The Thing From Another World A Fun Romp Through 50’s Sci-Fi
The Thing from Another World (“The Thing”) has a simple but effective plot in the science fiction genre. A flying saucer crashes in the arctic and a group of military personnel return to their base with the craft’s occupant frozen in a block of ice. Once free of the ice, the creature terrorizes the arctic station while the group tries desperately to stop it. While the main focus of the story is their efforts to stop the rampaging killer creature, we also find conflict between the military who would just like to just kill the creature and the scientist running the station who wants the being to remain alive so it can be studied. The movie should appeal to science fiction fans and, to a lesser extent, fans of horror as well.

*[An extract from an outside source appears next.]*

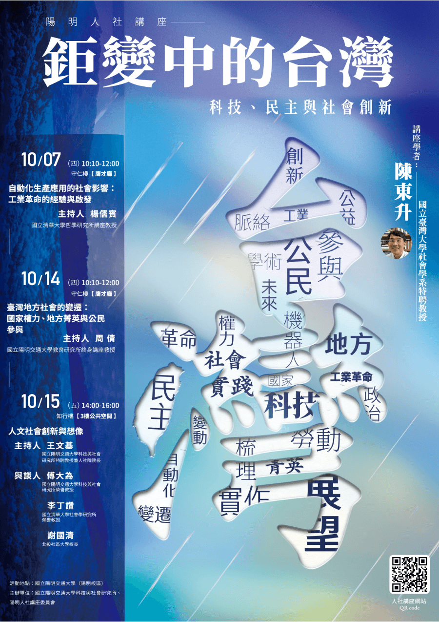 主辦單位:國立陽明交通大學科技與社會研究所、陽明人社講座委員會

Although a low budget movie, The Thing makes great use of what it does have: a well written script featuring the use of overlapping dialogue which I love. Through the years too many times I’ve watched discussions or arguments depicted on the screen which feature the back and forth, give and take of a conversation. One person stops talking in the middle of a sentence and the next one starts. No interrupting, no talking over each other’s words like real life. This movie throws that out the door, and the characters speak in a flow more like real people. The music is also an important part the film, its particularly effective in scenes with the monster. In fact, the music is so creepy it’s hard to tell if a portion of the sound is actually the score or if it’s merged with spooky-type sound effects.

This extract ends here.